One of the most common and useful types of graphics in statistical analysis is the scatter plot. In this article, we’ll discuss how to create a scatter plot in R using both base R and ggplot2, one of the most popular packages in R for data visualization.

## What is a Scatter Plot?

A scatter plot is a type of plot using Cartesian coordinates to display values from two variables. By displaying a variable in each axis, you can detect if a relationship or correlation exists between the two variables. Essentially, scatter plots show how much one variable is affected by another, thus establishing a relationship between them.

Scatter plots are particularly useful for investigating the strength and direction of relationships between variables, detecting outliers, and identifying trends.

## Creating a Simple Scatter Plot in R

The most basic way to create a scatter plot in R is by using the `plot()`

function. Let’s use the built-in `mtcars`

dataset in R, which contains various car attributes, to create a scatter plot showing the relationship between horsepower (hp) and miles per gallon (mpg).

```
# Load the data
data(mtcars)
# Create a scatter plot
plot(mtcars$hp, mtcars$mpg,
main = "Horsepower vs. Miles per Gallon",
xlab = "Horsepower",
ylab = "Miles per Gallon")
```

The `plot()`

function in this case takes two arguments: the x and y variables. You can add a title to the plot and labels to the axes using the `main`

, `xlab`

, and `ylab`

parameters, respectively.

## Changing the Color and Shape of Points

You can customize your scatter plot in various ways. For instance, you can change the color and shape of points in your scatter plot. The `col`

parameter allows you to change the color of the points, while the `pch`

parameter can be used to change the shape.

```
plot(mtcars$hp, mtcars$mpg,
main = "Horsepower vs. Miles per Gallon",
xlab = "Horsepower",
ylab = "Miles per Gallon",
col = "blue",
pch = 19)
```

The value of `pch`

can be anything from 0 to 25, and each value represents a different symbol.

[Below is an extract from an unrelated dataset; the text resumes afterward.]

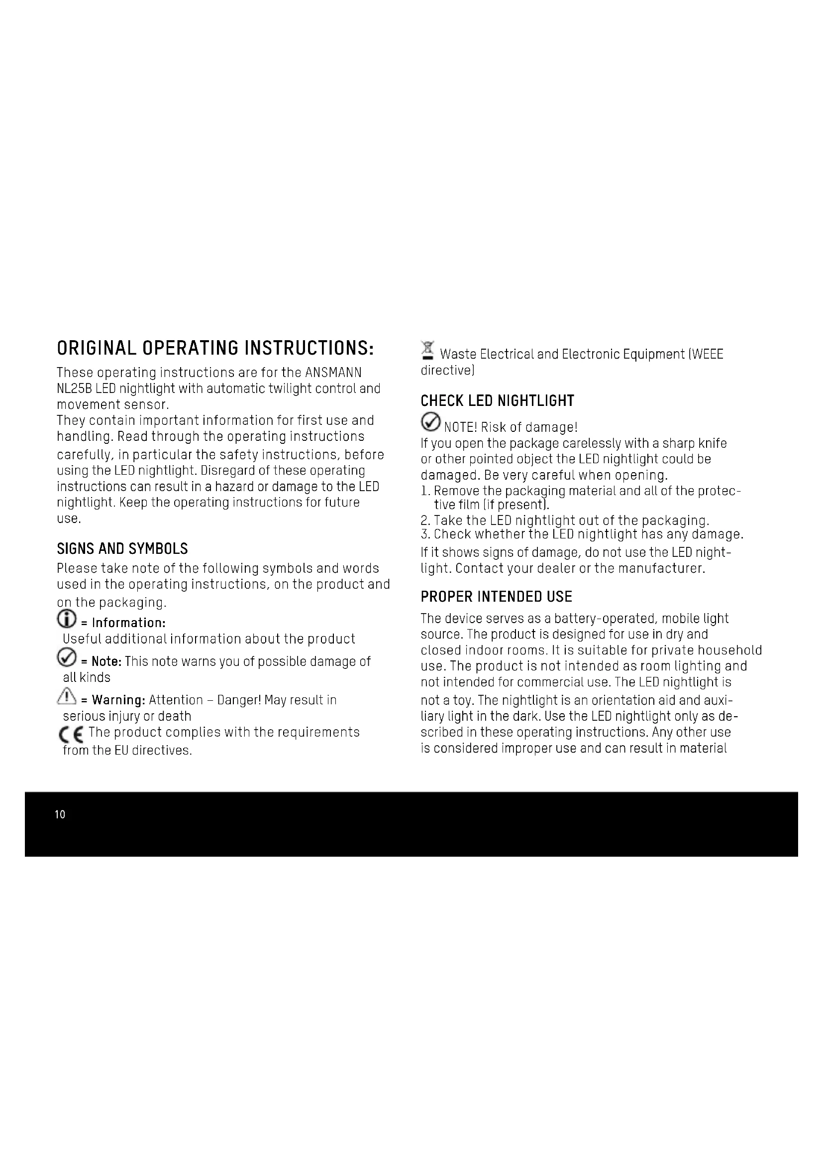 The device serves as a battery-operated, mobile light source. The product is designed for use in dry and closed indoor rooms. It is suitable for private household use. The product is not intended as room lighting and not intended for commercial use. The LED nightlight is not a toy. The nightlight is an orientation aid and auxi- liary light in the dark. Use the LED nightlight only as de- scribed in these operating instructions. Any other use is considered improper use and can result in material11 damage. The manufacturer or dealer accepts no liability for damage arising from improper use or misuse. SAFETY INSTRUCTIONS §Do not open or modify the product! §Never cover the LED night- light when it is operating. §Never submerge the product in water or other liquids. Avoid dripping water. Always keep the product dry. §Use the LED nightlight only indoors. Never operate it in damp rooms or in the rain. §If you are not using the LED nightlight or if a fault arises, always switch off the LED nightlight and disconnect it from the power source. §The LED light source cannot be replaced. When the LED comes to the end of its ser- vice life, the complete lamp must be replaced. §Failure to observe the sa- fety instructions can result in dangerous injuries to persons or damage to the device! §This product is not to be used by persons (including children) who have restric- ted physical, sensory or mental capabilities or who Deutsch | English | Français | Español | Português | Svenska Italiano | Nederlands | Dansk | Suomi | Norsk12 do not have adequate ex- perience and knowledge in handling this product. §Keep the product and the packaging away from chil- dren. §Do not allow children to play with the packaging film. They could become caught in it while playing and suf- focate. §Risk of damage! §Improper handling of the LED nightlight can result in damage. §Do not continue to use the LED nightlight if the plas- tic components of the LED nightlight are cracked, torn or deformed. §Do not expose the LED nightlight to extreme tem- peratures or severe mecha- nical loads. Otherwise, this can result in deformation of the LED nightlight.

## Adding a Regression Line

To visualize the relationship between the two variables more clearly, you can add a regression line (or a line of best fit) to your scatter plot. You can do this using the `abline()`

function in conjunction with the `lm()`

function, which fits a linear model to the data.

```
# Create a scatter plot
plot(mtcars$hp, mtcars$mpg,
main = "Horsepower vs. Miles per Gallon",
xlab = "Horsepower",
ylab = "Miles per Gallon",
col = "blue",
pch = 19)
# Add a regression line
abline(lm(mtcars$mpg ~ mtcars$hp), col = "red")
```

The `lm()`

function here is used to fit a linear model to the data, and the resulting model is passed to the `abline()`

function, which adds a straight line to the plot.

## Creating Scatter Plots with ggplot2

First, you need to install and load the ggplot2 package:

```
# Install ggplot2
install.packages("ggplot2")
# Load ggplot2
library(ggplot2)
```

Once you have ggplot2 installed and loaded, you can create a scatter plot using the `geom_point()`

function.

```
ggplot(mtcars, aes(x = hp, y = mpg)) +
geom_point() +
labs(title = "Horsepower vs. Miles per Gallon",
x = "Horsepower",
y = "Miles per Gallon")
```

In the `ggplot()`

function, the first argument specifies the dataset, and the `aes()`

function defines the aesthetics of the plot, such as the x and y variables. The `geom_point()`

function adds the layer of points to create the scatter plot.

## Customizing Scatter Plots in ggplot2

You can also customize the color, shape, and size of points in ggplot2:

```
ggplot(mtcars, aes(x = hp, y = mpg)) +
geom_point(color = "blue",
shape = 19,
size = 3) +
labs(title = "Horsepower vs. Miles per Gallon",
x = "Horsepower",
y = "Miles per Gallon")
```

## Adding a Regression Line in ggplot2

Just like in base R, you can add a regression line to your scatter plot in ggplot2. You can do this using the `geom_smooth()`

function, which adds a smoothed conditional mean:

```
ggplot(mtcars, aes(x = hp, y = mpg)) +
geom_point(color = "blue",
shape = 19,
size = 3) +
geom_smooth(method = lm,
se = FALSE,
color = "red") +
labs(title = "Horsepower vs. Miles per Gallon",
x = "Horsepower",
y = "Miles per Gallon")
```

Here, the `method = lm`

argument specifies that a linear model should be fitted to the data, and `se = FALSE`

means that the standard error should not be plotted.

## Conclusion

Scatter plots are essential tools in statistical and data analysis, as they can illustrate the relationship between two variables. This article has shown you how to create scatter plots in R using both base R and ggplot2. With these tools in your data analysis toolkit, you can start exploring the relationships within your own datasets.